Mientras tanto, esperaba el examen del funcionamiento del marcapaso para que se me diera el alta hospitalaria; pero, por dificultades de coordinación, eso no se pudo realizar el día martes y amenazaba prolon­garse en forma indefinida sin razones claras que lo justificaran. Por lo que el día miércoles hice saber (vía Asia y María) que, o me daban el alta o me iba sin ella. La médica que me atendió en esa circunstancia me preguntó cuál era la razón de mi inquietud y si acaso me habían tratado mal en el servicio donde me encontraba.

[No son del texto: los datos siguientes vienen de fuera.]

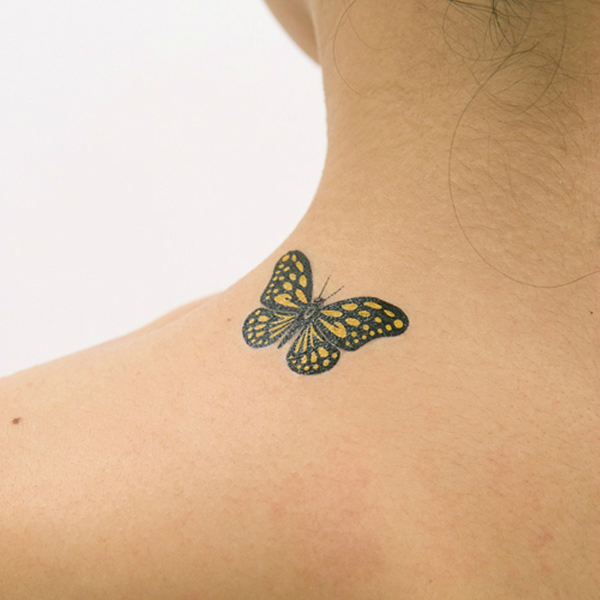 黒字に黄色い模様の艶やかな蝶々模様は、単体でも肌をキレイに魅せることができ、他の蝶々と組み合わせても良いでしょう。
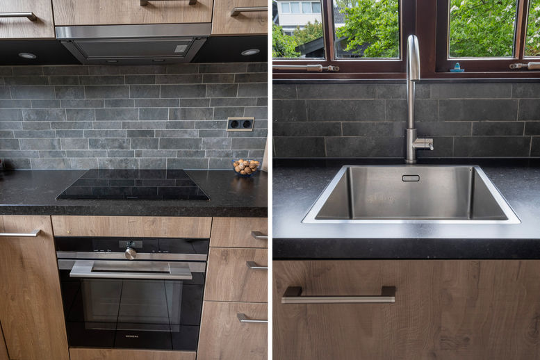De open keuken is in 2017 vernieuwd en uitgerust met afzuigkap, spoelbak en diverse (Siemens) inbouwapparatuur te weten; koelkast, vriezer, combi magnetron en inductie kookplaat.
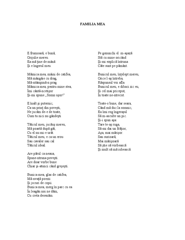 Poezii și Cantece Pentru Tema Eu și Familia Mea Gradinita1chiricari
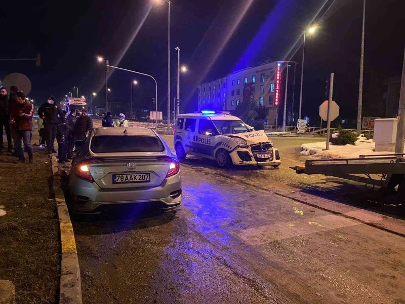 Karabük’te devriye gezen resmi plakalı polis aracı kırmızı ışıkta geçtiği sırada kavşakta otomobil ile çarpıştı. Kazada ölen ya da yaralanan olmazken her iki araçta maddi hasar oluştu.
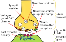 Oversigt over en synapse mellem et neurons axon og en dendrit tilhørende et andet neuron. Synapsen udgør en kløft mellem de to neuroner. Elektriske impulser kommer til enden af axonet, og udløser kemiske meddelere (neurotransmittere), som bevæger sig over synapsekløften til receptorerne på dendrittet, hvor det sender impulsen videre til det andet neuron. Efter videregivelsen bliver neurotransmitteret hurtigt metaboliseret eller genoptaget i neuronet, hvor de blev udløst fra. Antidepressiva har generel indflydelse på disse processer.

Esa misma médica (que conocía mi profe­sión y mi especialidad de sanitarista) había comentado conmigo durante la instalación del marcapaso definitivo la necesidad de reformar los servicios hospitalarios y la dificultad para hacerlo, dadas las características ideológi­cas de muchos de los personajes involucrados.
 
Me dieron el alta y me fui a mi casa en el que se convirtió en uno de los días más felices de mi vida.
 
Aquí terminan las anécdotas. Contadas así y en retrospectiva, algunas parecen graciosas. Desde la cama donde las viví, no me hicieron ninguna gracia. (...)”.